## PROBLEM TO WORK ON
From the entries below, copy exactly the lines from the one that contains "Vintage Sheffield Watch" through the one that contains "[작동하기 쉬운] 가정용", both included, and only those.

## MATERIALS PROVIDED

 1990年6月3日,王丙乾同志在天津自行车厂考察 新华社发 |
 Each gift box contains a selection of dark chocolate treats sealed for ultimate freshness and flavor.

--

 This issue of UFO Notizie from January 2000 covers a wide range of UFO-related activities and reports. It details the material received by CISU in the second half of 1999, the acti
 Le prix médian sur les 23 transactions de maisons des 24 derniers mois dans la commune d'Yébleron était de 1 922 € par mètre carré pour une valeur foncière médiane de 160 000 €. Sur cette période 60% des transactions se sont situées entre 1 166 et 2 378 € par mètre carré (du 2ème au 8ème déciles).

==

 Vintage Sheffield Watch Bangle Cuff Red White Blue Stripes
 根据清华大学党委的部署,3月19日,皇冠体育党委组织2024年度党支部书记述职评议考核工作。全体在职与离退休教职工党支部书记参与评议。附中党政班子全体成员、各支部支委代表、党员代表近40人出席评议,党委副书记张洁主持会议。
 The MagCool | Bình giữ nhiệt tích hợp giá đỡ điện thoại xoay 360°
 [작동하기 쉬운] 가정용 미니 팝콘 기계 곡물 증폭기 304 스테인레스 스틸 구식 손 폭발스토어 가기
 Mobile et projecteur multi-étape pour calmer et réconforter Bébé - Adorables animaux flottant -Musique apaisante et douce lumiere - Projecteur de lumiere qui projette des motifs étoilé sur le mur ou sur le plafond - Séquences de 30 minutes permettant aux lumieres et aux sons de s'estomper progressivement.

## ANSWER BOX
 Vintage Sheffield Watch Bangle Cuff Red White Blue Stripes
 根据清华大学党委的部署,3月19日,皇冠体育党委组织2024年度党支部书记述职评议考核工作。全体在职与离退休教职工党支部书记参与评议。附中党政班子全体成员、各支部支委代表、党员代表近40人出席评议,党委副书记张洁主持会议。
 The MagCool | Bình giữ nhiệt tích hợp giá đỡ điện thoại xoay 360°
 [작동하기 쉬운] 가정용 미니 팝콘 기계 곡물 증폭기 304 스테인레스 스틸 구식 손 폭발스토어 가기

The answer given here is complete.